The lines of code following the geom_line() argument tweaks the aesthetics of the visualisation. In this context aesthetics desribes the visual representation of data in your visualisation. scale_linetype()tells R what the lines should be labeled as. scale_x_date() and scale_y_continuous() changes the looks of the x- and y-axis, respectively. At last, the labs() and guides() arguments are used to create descriptive text on the visualisation.

Remember to change the titles in the code below to match your specific dataset (as we wrote above, you are probably not doing this on the 13th December 2021). You'll find the titles under labs().

You should now have a graph depicting the timely dispersion of tweets in your dataset. We will now proceed with the binary exploration of some of your dataset's distinctive features.

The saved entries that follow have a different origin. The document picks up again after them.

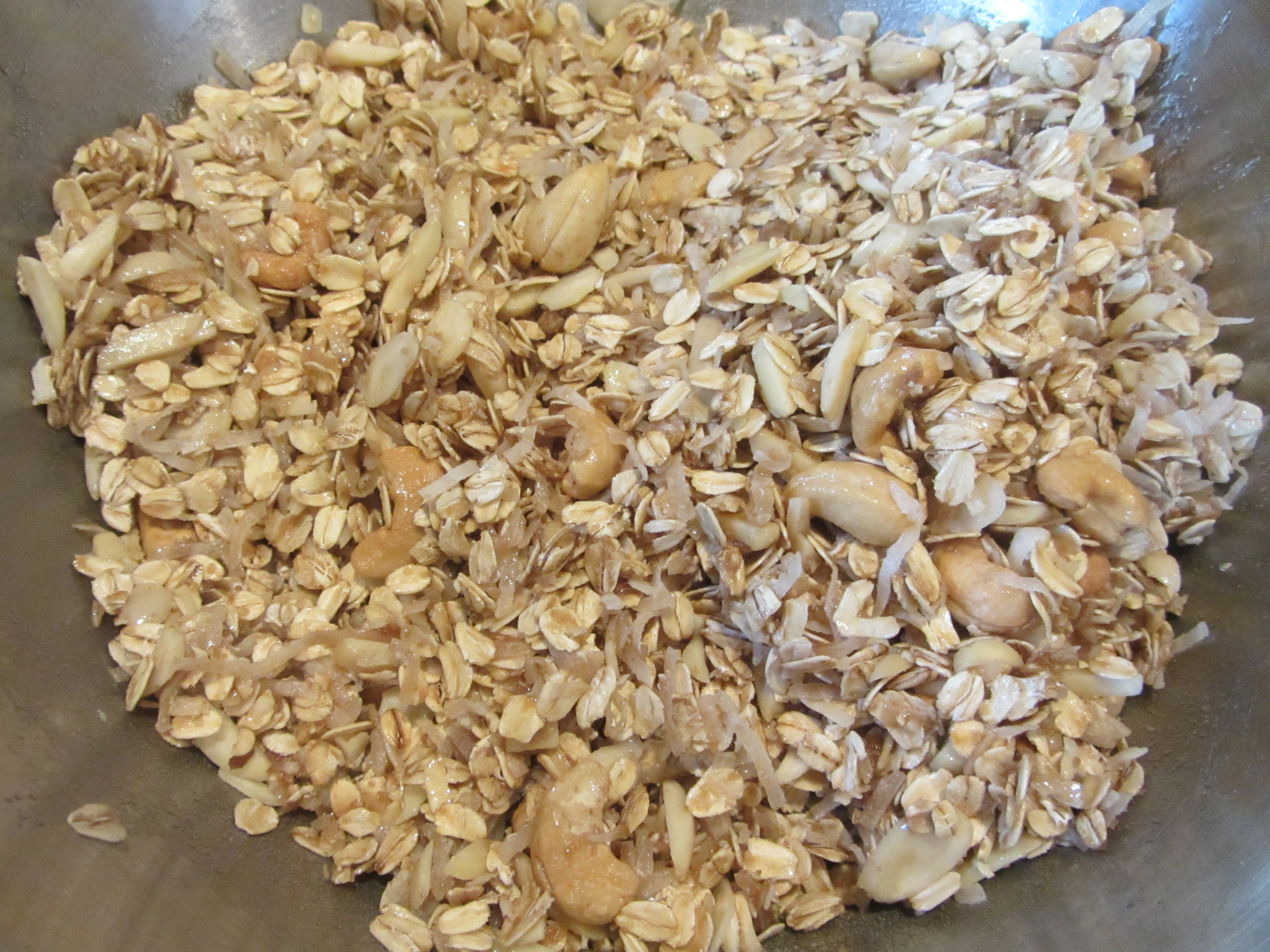 Granola after combining the dry and wet ingredients.
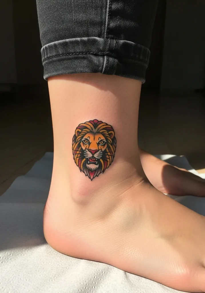 This tiny ankle tattoo proves that even small designs can pack a punch. The lion s head is bright and bold, with golden and red tones that stand out beautifully on the skin. Despite its size, it keeps that classic American Traditional boldness with thick lines and rich shading.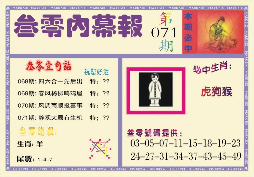 | 071期〖⑤肖〗鸡蛇马狗虎 |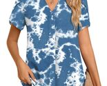 - Aodemo Women's Blue Tie Dye Chiffon Blouse V Neck Short Sleeve Size XL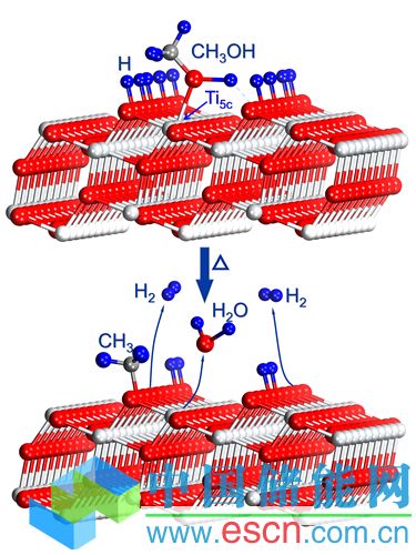 甲醇能夠提高二氧化鈦光催化分解水的產(chǎn)氫效率,同時甲醇本身也能光催化產(chǎn)氫。目前普遍認為anatase表面的光催化產(chǎn)氫效率要高于rutile表面,但是產(chǎn)氫反應的機理仍不是十分清晰。如果能從分子水平上理解二氧化鈦不同表面的產(chǎn)氫機理,能為發(fā)展高效催化劑提供新的思路。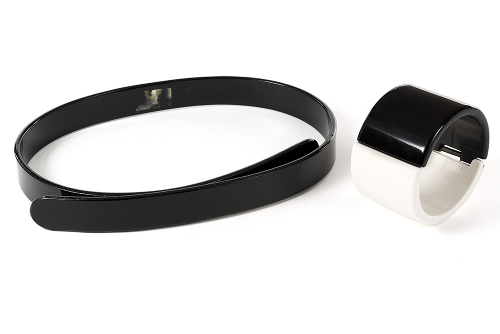 Bracciale rigido con apertura a molla in bachelite bianca e nera, h cm 5 unita ad una cintura pendant rigida

Step 2: Exploring a dataset by creating binary-analytical categories

Using a binary logic to explore a dataset can be a first and, compared to other digital methods, relatively simple way to get at important relations in your dataset. Binary relations are easy to count using computer code and can reveal systematic and defining structures in your data. In our case, we were interested in the power relations on Twitter and in the public sphere more generally. We, therefore, explored the differences between so-called verified and non-verified accounts, as verified accounts are marked as such due to their public status outside of the platform. You might be interested in how many tweets were retweets or originals. In both cases you can use the existing metadata registered for the dataset to create a question that can be answered using a binary logic (does the tweet come from a verified account yes or no; is the tweet a retweet yes or no?). Or, suppose you were working with data from the National Gallery. In that case, you might want to explore gender bias in the collections and whether the institution has favoured aquireing artworks by people who are registerede as male in their catalogue. In this case you could arrange your dataset to be able to count if an artist is registered as male or not. If you were interest in the collections distribution of Danish versus international artists, the data could be arranged in a binary structure that allowed you to ask if the artists are registered as Danish or not.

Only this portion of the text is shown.